An amusing experience that I had not long ago illustrates the different kind of tactics necessary in the tramp's summer campaign. So far as I know, he has never made use of the story that did me such good service, and that was told in all truthfulness, but it has since occurred to me that he might find it useful, and I relate it here so that the reader may not be taken unawares if some tramp should attempt to get the benefit of it.
I was travelling with some tramps in western Pennsylvania at the time, and we were "beating" our way on a freight-train toward a town where we expected to spend the night. Noontime found us all hungry, and we got off the train at a small village to look for lunch. It was such a small place that it was decided that each man should pick out his particular "beat," and confine his search to the few houses it contained. If some failed to get anything, those who were more successful were to bring them back "hand-outs."
My "beat" was so sparsely settled that I hardly expected to get so much as a piece of bread, because the entire village was known to hate tramps; but an inspiration came to me as I was crossing the fields, and I got a "set-down" and a "hand-out" at the first house I visited.
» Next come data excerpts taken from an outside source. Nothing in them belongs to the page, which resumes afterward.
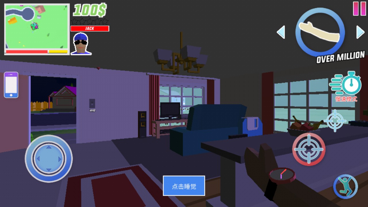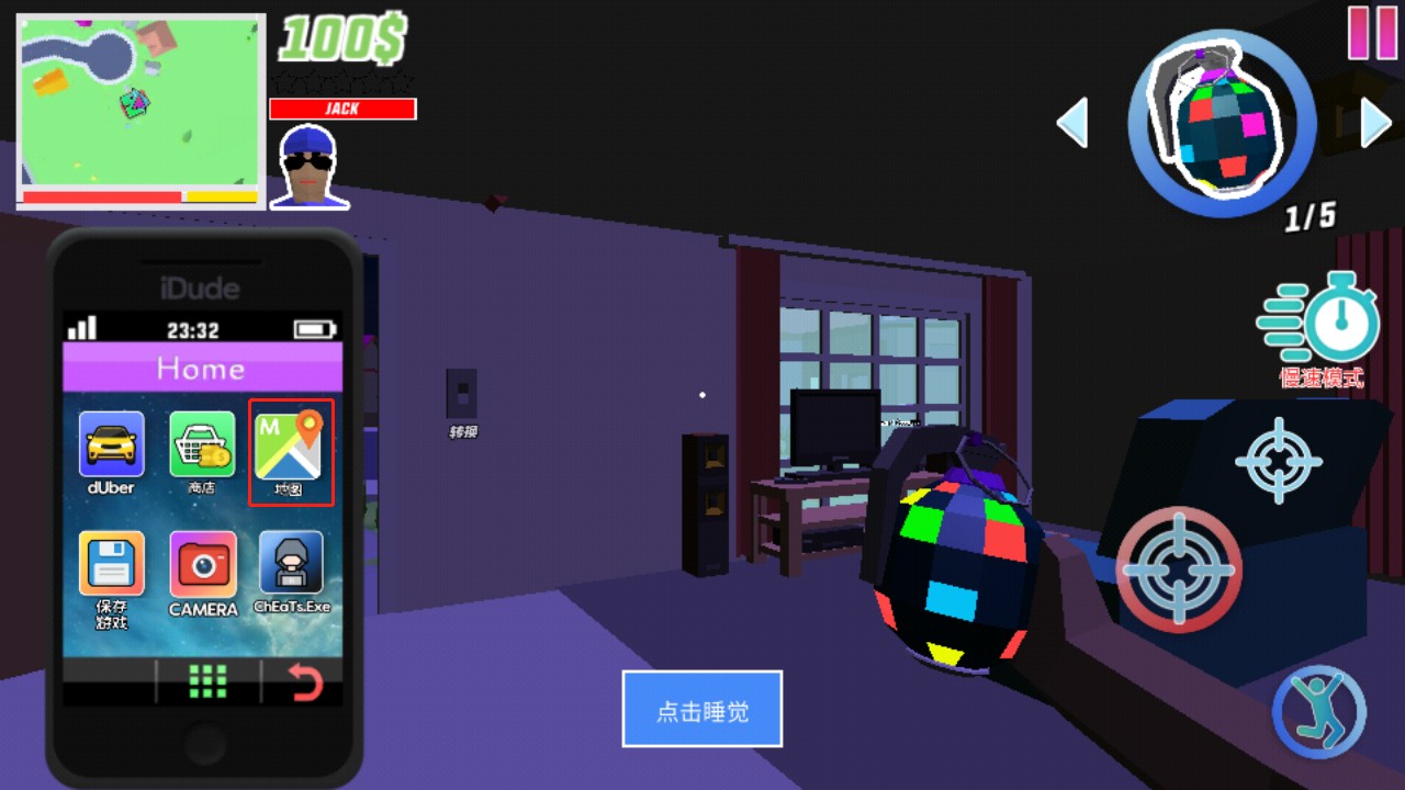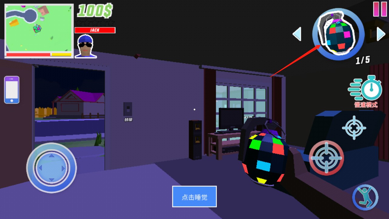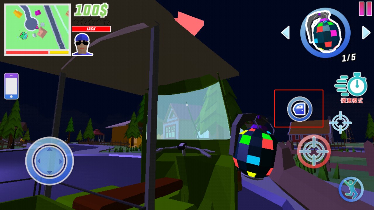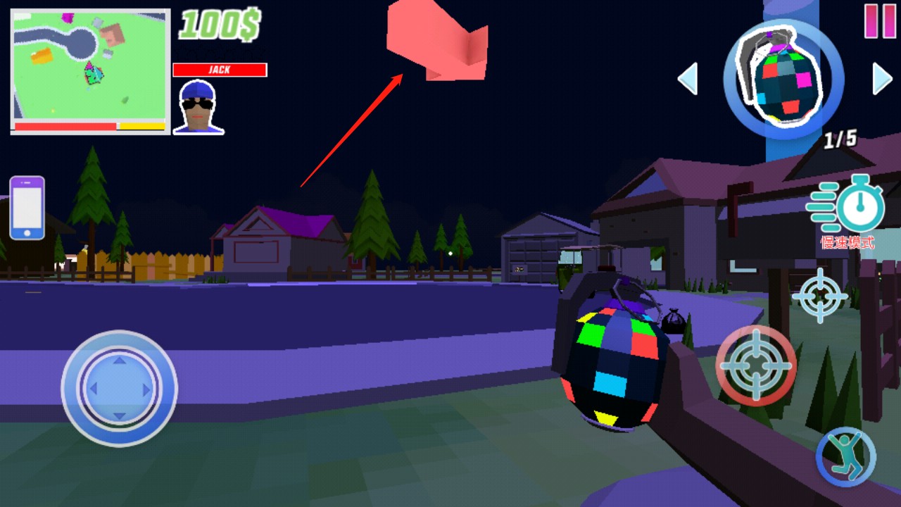 7、左边的按钮是控制角色移动的,而右边的按钮,靠左边的是控制角色攻击别人,右上方的按钮是瞄准,右下方的按钮是跳跃,点击右上角的这个地方可以切换工具;
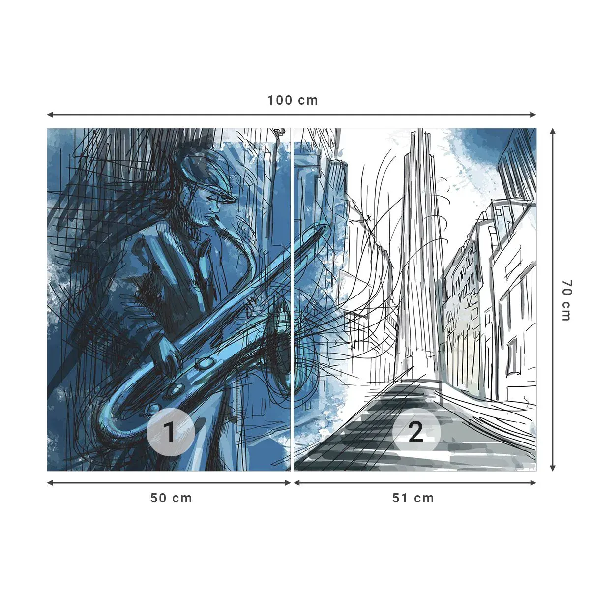 Selbstklebende Fototapete Deluxe Sticker - Urbane Rhapsodie - Saxophon, Jazz, Musik - 100x70 cm
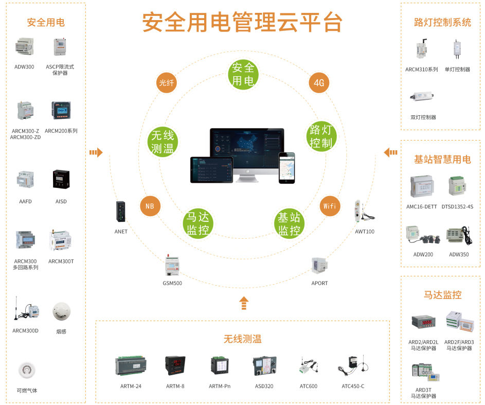 基于安全用電云平臺,演化出了無線測溫,基站智慧用電,路燈控制系統和馬達監控云平臺。

The interview at the back door ran thus:
"Madam,"—she was rather a severe-looking woman,—"I have exactly five cents in my pocket and I am awfully hungry. I know that you don't keep a boarding-house, but I have come to you thinking that you will give me more for my nickel than the storekeeper will over in the village. I shall be obliged to you if you will help me out."
A look of surprise came into the woman's face. I was a new species to her, and I knew it, and she knew it.
"Don't know whether we've got anything you want," she said, as if I were a guest rather than a wayfarer.
"Anything will do, madam, anything," I replied, throwing into my words all the sincerity of which a hungry man is capable. She invited me into the dining-room, and gave me a most satisfying meal. There were no conversational interruptions. I ate my meal in silence and the woman watched me. The new species interested her.
Just as I was finishing, she put some sandwiches, cake, and pie into a newspaper. I had made a good impression.